| What is being asked |
Under this line are the records; repeat exactly the lines starting at the one containing "71.23% 。优势属有乳牛肝菌属(Suillus)和牛肝菌属(Boletus)等5个属,占总种数的 45.21%" and ending at the one containing "人民網上海1月20日電 又到", omitting pictures.

| Data listing |
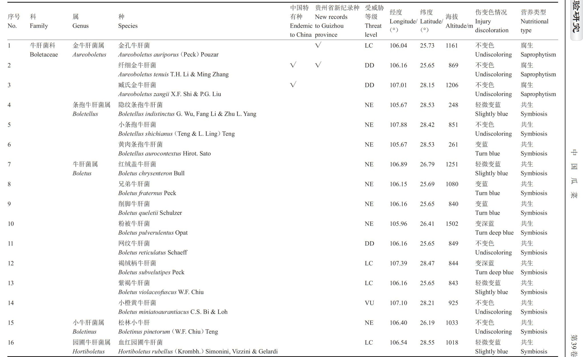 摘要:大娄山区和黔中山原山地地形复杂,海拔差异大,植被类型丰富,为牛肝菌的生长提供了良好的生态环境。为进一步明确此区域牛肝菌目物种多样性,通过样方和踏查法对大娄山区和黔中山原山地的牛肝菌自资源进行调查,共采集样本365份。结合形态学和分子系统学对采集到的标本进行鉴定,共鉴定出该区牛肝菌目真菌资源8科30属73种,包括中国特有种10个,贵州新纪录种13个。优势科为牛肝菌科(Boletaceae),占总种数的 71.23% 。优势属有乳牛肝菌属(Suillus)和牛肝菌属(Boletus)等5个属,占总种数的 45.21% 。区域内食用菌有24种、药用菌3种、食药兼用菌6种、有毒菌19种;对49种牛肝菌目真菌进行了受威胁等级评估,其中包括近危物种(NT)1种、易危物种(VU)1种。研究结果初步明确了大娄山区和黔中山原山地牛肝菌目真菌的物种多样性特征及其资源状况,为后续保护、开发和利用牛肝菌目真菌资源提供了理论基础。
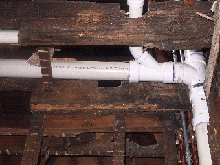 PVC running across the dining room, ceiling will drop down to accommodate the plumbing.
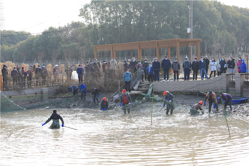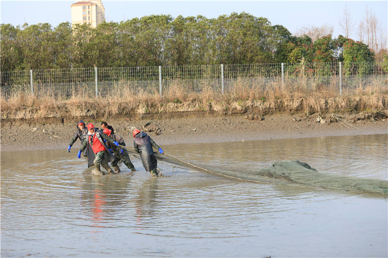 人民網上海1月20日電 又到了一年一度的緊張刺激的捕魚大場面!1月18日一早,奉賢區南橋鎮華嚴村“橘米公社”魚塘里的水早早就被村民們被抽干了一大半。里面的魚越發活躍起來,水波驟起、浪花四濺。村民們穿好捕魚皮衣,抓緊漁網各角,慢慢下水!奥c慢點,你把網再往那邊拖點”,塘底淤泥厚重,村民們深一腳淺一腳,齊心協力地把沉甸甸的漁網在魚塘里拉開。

* * *

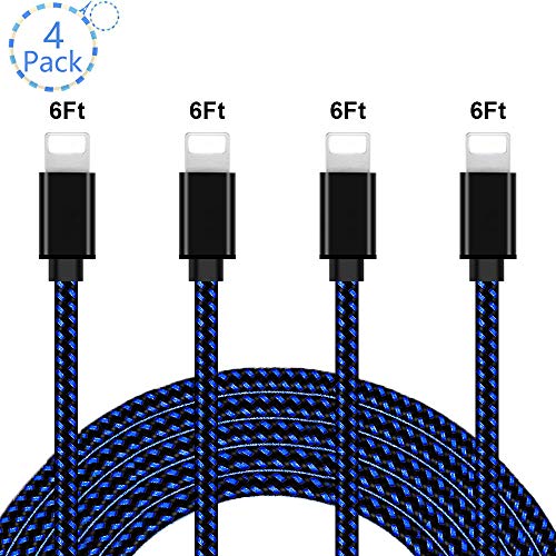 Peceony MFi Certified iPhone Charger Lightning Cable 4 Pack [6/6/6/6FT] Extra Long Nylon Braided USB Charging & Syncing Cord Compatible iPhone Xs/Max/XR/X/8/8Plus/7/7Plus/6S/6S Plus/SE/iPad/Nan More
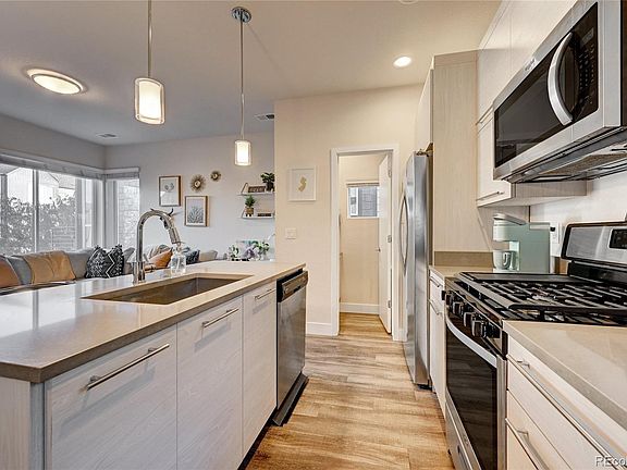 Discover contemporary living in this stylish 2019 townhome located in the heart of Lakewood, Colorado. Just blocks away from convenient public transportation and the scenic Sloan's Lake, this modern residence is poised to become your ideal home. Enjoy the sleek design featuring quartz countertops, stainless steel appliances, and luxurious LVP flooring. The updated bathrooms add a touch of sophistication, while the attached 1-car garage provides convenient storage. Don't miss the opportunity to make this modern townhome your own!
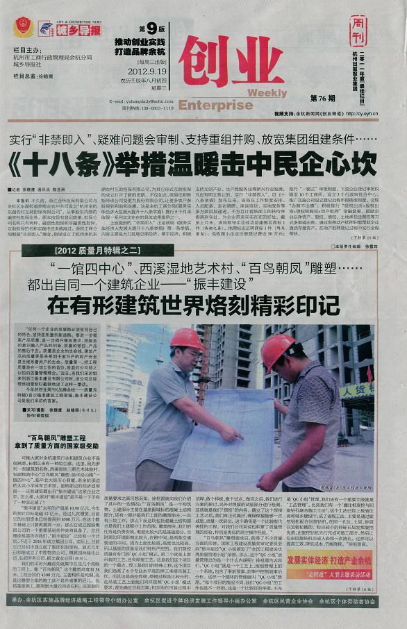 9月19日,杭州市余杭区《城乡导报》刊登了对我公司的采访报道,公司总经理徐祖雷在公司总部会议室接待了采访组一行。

| Final answer |
 摘要:大娄山区和黔中山原山地地形复杂,海拔差异大,植被类型丰富,为牛肝菌的生长提供了良好的生态环境。为进一步明确此区域牛肝菌目物种多样性,通过样方和踏查法对大娄山区和黔中山原山地的牛肝菌自资源进行调查,共采集样本365份。结合形态学和分子系统学对采集到的标本进行鉴定,共鉴定出该区牛肝菌目真菌资源8科30属73种,包括中国特有种10个,贵州新纪录种13个。优势科为牛肝菌科(Boletaceae),占总种数的 71.23% 。优势属有乳牛肝菌属(Suillus)和牛肝菌属(Boletus)等5个属,占总种数的 45.21% 。区域内食用菌有24种、药用菌3种、食药兼用菌6种、有毒菌19种;对49种牛肝菌目真菌进行了受威胁等级评估,其中包括近危物种(NT)1种、易危物种(VU)1种。研究结果初步明确了大娄山区和黔中山原山地牛肝菌目真菌的物种多样性特征及其资源状况,为后续保护、开发和利用牛肝菌目真菌资源提供了理论基础。
 PVC running across the dining room, ceiling will drop down to accommodate the plumbing.
 人民網上海1月20日電 又到了一年一度的緊張刺激的捕魚大場面!1月18日一早,奉賢區南橋鎮華嚴村“橘米公社”魚塘里的水早早就被村民們被抽干了一大半。里面的魚越發活躍起來,水波驟起、浪花四濺。村民們穿好捕魚皮衣,抓緊漁網各角,慢慢下水!奥c慢點,你把網再往那邊拖點”,塘底淤泥厚重,村民們深一腳淺一腳,齊心協力地把沉甸甸的漁網在魚塘里拉開。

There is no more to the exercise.